__WORK REQUEST__.
Print each line below verbatim, skipping every picture.

[INPUT DATA Boundary: Start]

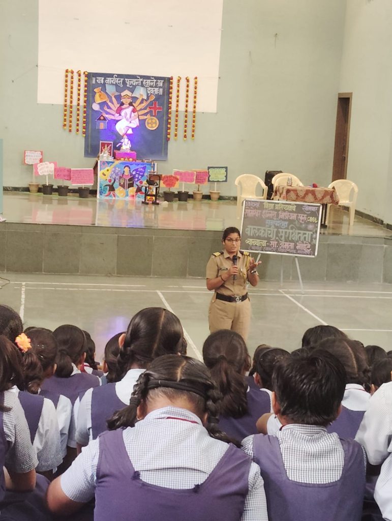 The school recently hosted a children’s safety session in collaboration with Nirbhaya Pathak, led by the esteemed representative Mrs. Amruta Bhoite. This informative and engaging program aimed to educate and empower our students with essential safety awareness and self-defense techniques.
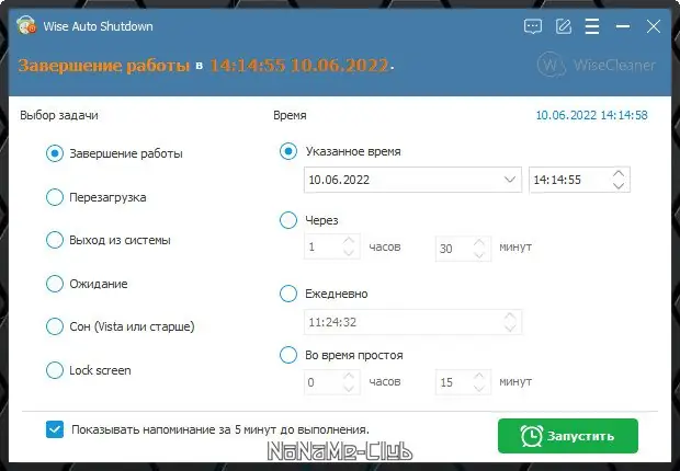 Программа Wise Auto Shutdown предназначена для автоматизации рутинных операций, связанных с завершением работы компьютера. Она позволяет запланировать отключение, перезагрузку, переход в спящий режим или гибернацию в заданное время или через указанный интервал. Утилита особенно полезна при необходимости оставить ПК включённым на определённый срок, например, для завершения загрузки файлов или выполнения фоновых задач.
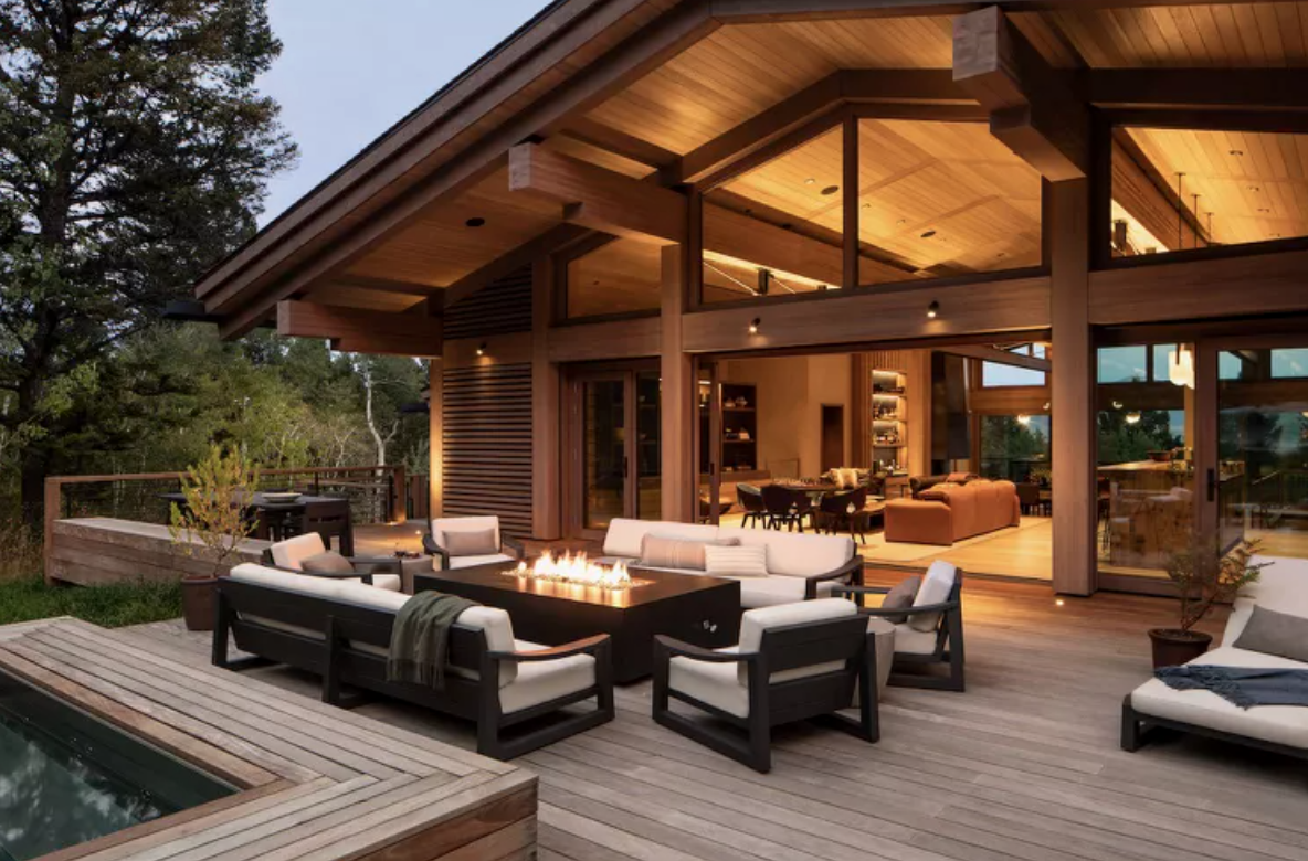 This modern chalet-style home from WRJ Design features a sophisticated outdoor living room on the back patio that is anchored by a massive sleek rectangular black fire pit that adds contrast with the wood decking and is complemented by high-end upholstered outdoor seating.
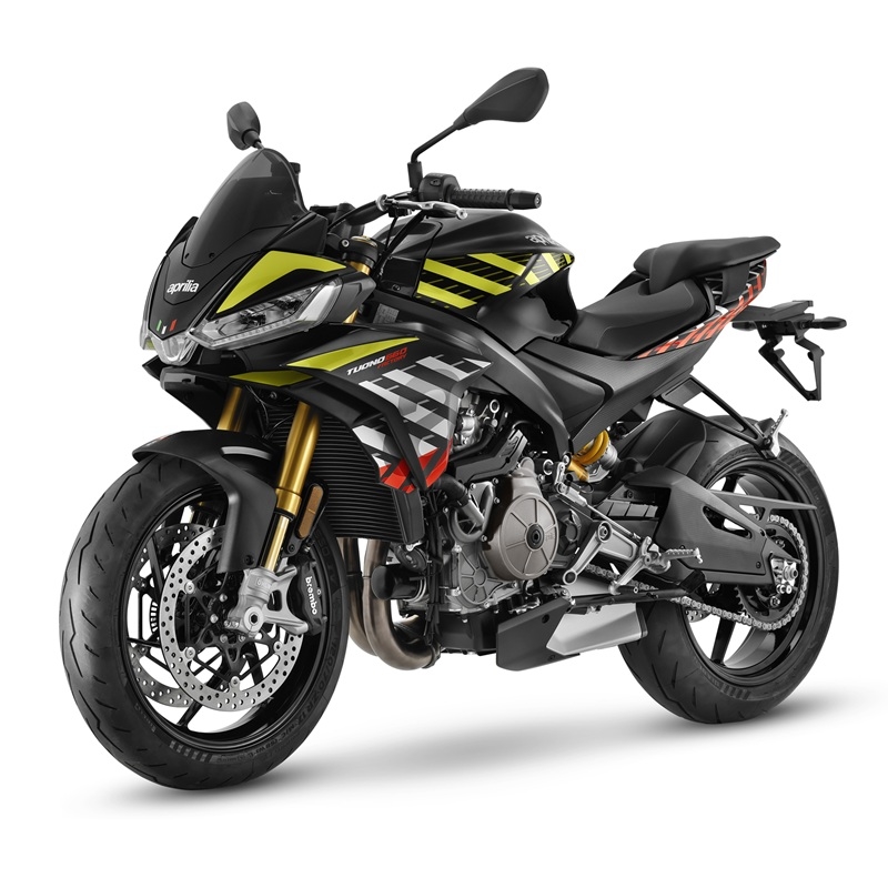 Le nuove grafiche hanno proprio l’obiettivo di esaltare il design delle superfici delle due Aprilia carenate e delle rispettive versioni Tuono: un vero e proprio omaggio alla cultura degli studi aerodinamici di Noale. Sia la grafica Shakedown Indigo, delle Aprilia V4, sia la grafica Shakedown Yellow delle due Aprilia 660 propongono due punti di vista differenti: il primo è il tema delle frecce che percorrono le fiancate, simulando i flussi di aria calda che vengono estratti dal motore e si perdono verso la coda; il secondo tema è illustrato tramite delle linee, che richiamano invece gli indicatori di flussi di aria utilizzati nelle prove in galleria del vento o nelle simulazioni CFD (Computational Fluid Dynamics). L’intersecarsi di queste geometrie di differente forma e spessore, assieme alle finiture lucide e opache, crea illusioni ottiche fino a tre livelli di profondità, complessità mai vista fino ad ora su una moto di serie.

[INPUT DATA Boundary: End]

__TASK ANSWER__.
 The school recently hosted a children’s safety session in collaboration with Nirbhaya Pathak, led by the esteemed representative Mrs. Amruta Bhoite. This informative and engaging program aimed to educate and empower our students with essential safety awareness and self-defense techniques.
 Программа Wise Auto Shutdown предназначена для автоматизации рутинных операций, связанных с завершением работы компьютера. Она позволяет запланировать отключение, перезагрузку, переход в спящий режим или гибернацию в заданное время или через указанный интервал. Утилита особенно полезна при необходимости оставить ПК включённым на определённый срок, например, для завершения загрузки файлов или выполнения фоновых задач.
 This modern chalet-style home from WRJ Design features a sophisticated outdoor living room on the back patio that is anchored by a massive sleek rectangular black fire pit that adds contrast with the wood decking and is complemented by high-end upholstered outdoor seating.
 Le nuove grafiche hanno proprio l’obiettivo di esaltare il design delle superfici delle due Aprilia carenate e delle rispettive versioni Tuono: un vero e proprio omaggio alla cultura degli studi aerodinamici di Noale. Sia la grafica Shakedown Indigo, delle Aprilia V4, sia la grafica Shakedown Yellow delle due Aprilia 660 propongono due punti di vista differenti: il primo è il tema delle frecce che percorrono le fiancate, simulando i flussi di aria calda che vengono estratti dal motore e si perdono verso la coda; il secondo tema è illustrato tramite delle linee, che richiamano invece gli indicatori di flussi di aria utilizzati nelle prove in galleria del vento o nelle simulazioni CFD (Computational Fluid Dynamics). L’intersecarsi di queste geometrie di differente forma e spessore, assieme alle finiture lucide e opache, crea illusioni ottiche fino a tre livelli di profondità, complessità mai vista fino ad ora su una moto di serie.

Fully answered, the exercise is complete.